Generic advice like "audit your dependencies" would not have blocked this attack. Here's what the postmortem and security researchers identify as the specific controls that matter. **Pin workflow permissions tightly.** The `pull_request_target` trigger is the root of the Pwn Request pattern. Workflows that handle pull requests from forks should never run with write permissions or access to secrets. This is a configuration choice, not a product purchase. **Enforce network egress allowlists in CI.** StepSecurity's Harden-Runner tool detects anomalous outbound network traffic from GitHub Actions runners. The C2 domain used by the malware was added to StepSecurity's global block list after detection. An egress allowlist would have flagged or blocked the exfiltration traffic at the runner level. **Implement a package version cooldown.** StepSecurity's Secure Registry holds newly published package versions for a configurable window before allowing them into builds. The TanStack malicious versions existed in npm for a matter of hours before deprecation — a cooldown period would have meant most teams never pulled them. **Check your lock files now.** StepSecurity recommends checking `package-lock.json`, `pnpm-lock.yaml`, and `yarn.lock` for any compromised @tanstack versions published on May 11, 2026. If your environment ran `npm install`, `pnpm install`, or `yarn install` against an affected version on that date, GitHub's advisory is unambiguous: treat the entire install environment as compromised and rotate every secret accessible from that host — but isolate the environment before you do, given the dead-man's switch. **Understand what SLSA provenance actually guarantees.** Valid attestations mean the pipeline was legitimate. They say nothing about whether the code entering that pipeline was safe. Teams that treated SLSA as a final safety check discovered its actual scope the hard way on May 11.
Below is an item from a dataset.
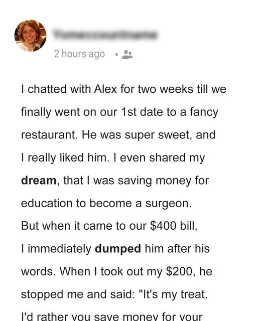 I Dumped the Man I Really Liked on Our First Date despite Him Offerring to Pay For Whole $400 Dinner

What Actually Would Have Stopped This — Specific Controls, Not a Checklist

What to Watch Next

StepSecurity detected and reported the TanStack compromise within 20 minutes, which limited the blast radius significantly — GitHub published a security advisory at 21:30 UTC, roughly two hours after the first malicious publish. That response speed is genuinely impressive, but it also reveals how narrow the margin was: 84 malicious versions reached Mistral AI, UiPath, and others within that same window. Three things are worth watching as this campaign continues to evolve. First, the full blast radius of wave four is still being mapped — at the time of reporting, Socket Security had flagged 416 total packages across npm and PyPI, and the Mistral AI PyPI package was quarantined. Second, TeamPCP's use of AI coding agent persistence (targeting Claude Code and VS Code in wave three) signals that the attack surface is expanding beyond CI/CD pipelines into developer workstations in a more persistent way. Third, the fact that wave four achieved valid SLSA Build Level 3 attestations means the security community needs an honest conversation about what supply chain provenance tooling can and cannot guarantee — because right now, it's being sold as a stronger guarantee than it actually is.